NMF Topic 2: center, world, movement, retrograde, orbiting, retrograde movement, thought, moving, world center, movements, said, stars

NMF Topic 3: information, dissemination, information dissemination, printing, books, landmark, newspaper, achievements, terms information, landmark achievements, founding, today

NMF Topic 4: democracy, theatre, different, drama, invented, theatre democracy, theater, freedom, library, invention, philosophy, newspaper



## Topic count sweep (sanity check)

Probably overkill, but printing log-likelihood/perplexity for k=3..6 lets me defend the "why 4 topics?" question. Lower perplexity is better, yet I also care about whether the topics stay readable.


In [8]:
for k in range(3, 7):
    model = LatentDirichletAllocation(n_components=k, random_state=42, learning_method='batch')
    model.fit(X_bow)
    print(f'k={k} | log-lik={model.score(X_bow):.1f} | perp={model.perplexity(X_bow):.1f}')
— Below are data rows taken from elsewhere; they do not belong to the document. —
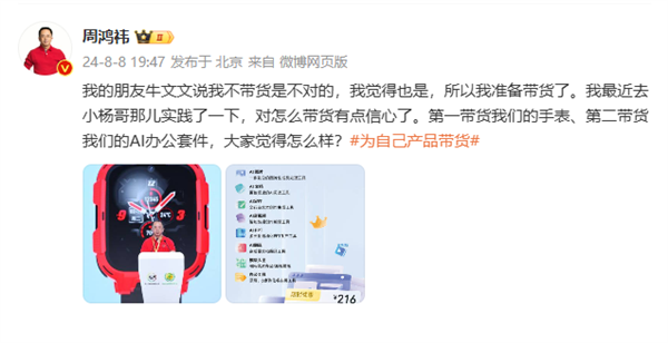周鸿祎还透露,带货的第一件商品是360手表,第二件是AI办公套件。
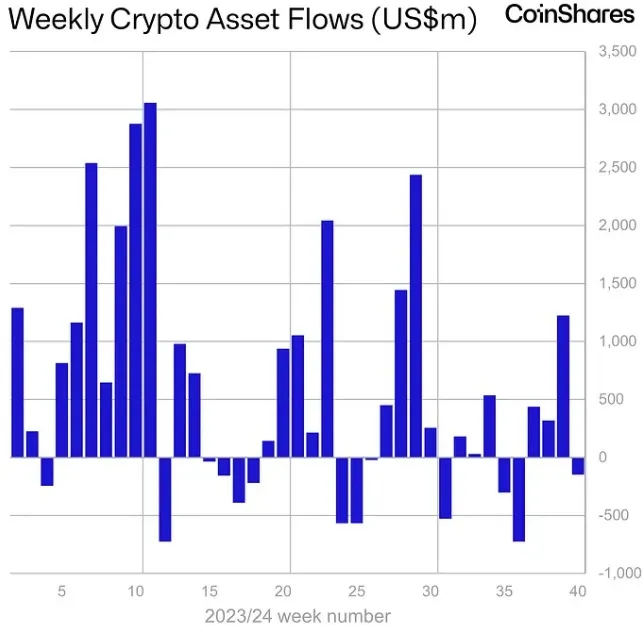 В 2024 году рынок криптовалют продолжает развиваться, предоставляя всё больше возможностей для тех, кто готов вкладывать в него свои средства. Даже в США, где государство очень консервативно регулирует финансовую деятельность, в 2024 году появились фонды, предназначенные специально для вложений в криптовалюту. По данным Coinshares, такие фонды чаще испытывают приток активов, чем их отток. На скриншоте - диаграмма притоков в такие фонды и оттоков из них.
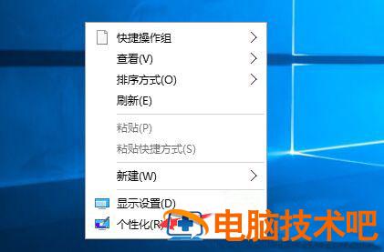 首先右键点击桌面空白处,选择个性化。
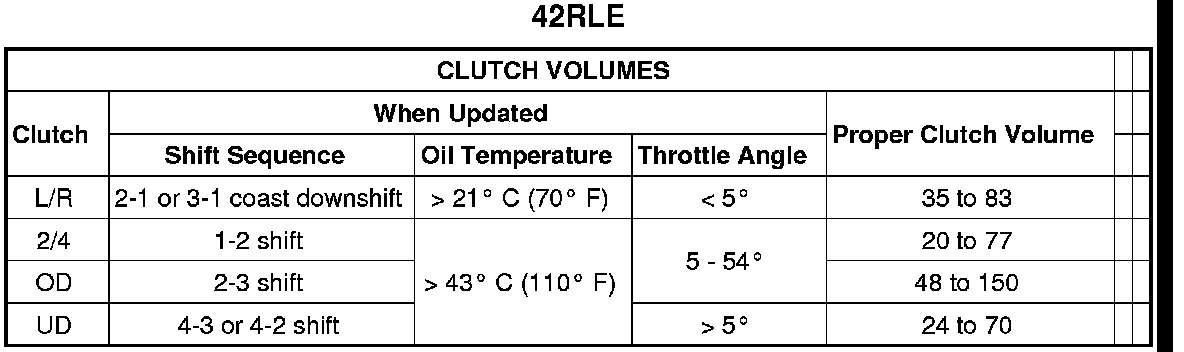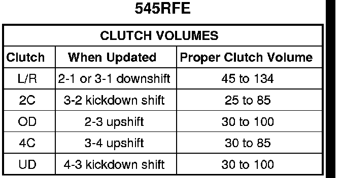 Certain mechanical problems within the input clutch assembly can cause inadequate or out-of-range element volumes. Also, defective Input/Output Speed Sensors and wiring can cause these conditions. The following charts identifies the appropriate clutch volumes and when they are monitored/updated:
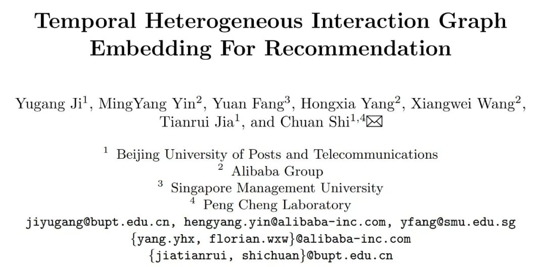 在商品推荐场景中,早先的方法通过建模序列交互的演化来刻画用户兴趣。这些方法在建模复杂动态性方面具有局限性,忽视了长期行为习惯对短期兴趣的影响;忽视了用户和商品之间交互行为的类型,只考虑单一的、短期的交互行为。在本文中,我们将复杂异质的动态交互行为构建为时序异质交互图(Temporal Heterogeneous Interaction Graph, 简称为THIG)进而同时学习用户兴趣和商品表示用于商品推荐。本文提出了一种时序异质图上的表示学习方法,称之为THIGE,充分建模交互行为的异质性,刻画不同类型的兴趣偏好,并融合长、短期兴趣构建用户、商品表示。最后,在3个真实数据集上验证模型的有效性。

k=3 | log-lik=-12657.0 | perp=311.9
k=4 | log-lik=-12793.4 | perp=331.8
k=5 | log-lik=-12932.0 | perp=353.4
k=6 | log-lik=-13039.5 | perp=371.0


## My read of the topics (after runs)

- **LDA (4 topics)**: Topic 1 = astronomy (retrograde + heliocentric debate); Topic 2 = Greek civic/customs bits; Topic 3 = information spreading / printing; Topic 4 = Roman civics and engineering feats. Topics 3 & 4 blur together when documents mix both themes.
- **NMF (4 topics)**: Similar story but NMF splits dissemination vs civics slightly cleaner; astronomy stays rock solid.
- **k sweep**: 3-topic model mashes civics with dissemination; 5 topics starts to overfit short docs; 6 felt noisy.

So I'm sticking with 4, but I can mention the NMF angle if someone challenges that choice.


## What worked / issues / next steps (own notes)

- Worked: removing prompt-heavy words, letting bigrams through, and double-checking with NMF so I wasn't blindly trusting LDA.
- Issues/puzzles: spelling mistakes + ultra-short responses leave some topics half empty, and a few answers mention both astronomy and civics which muddies doc-topic assignment.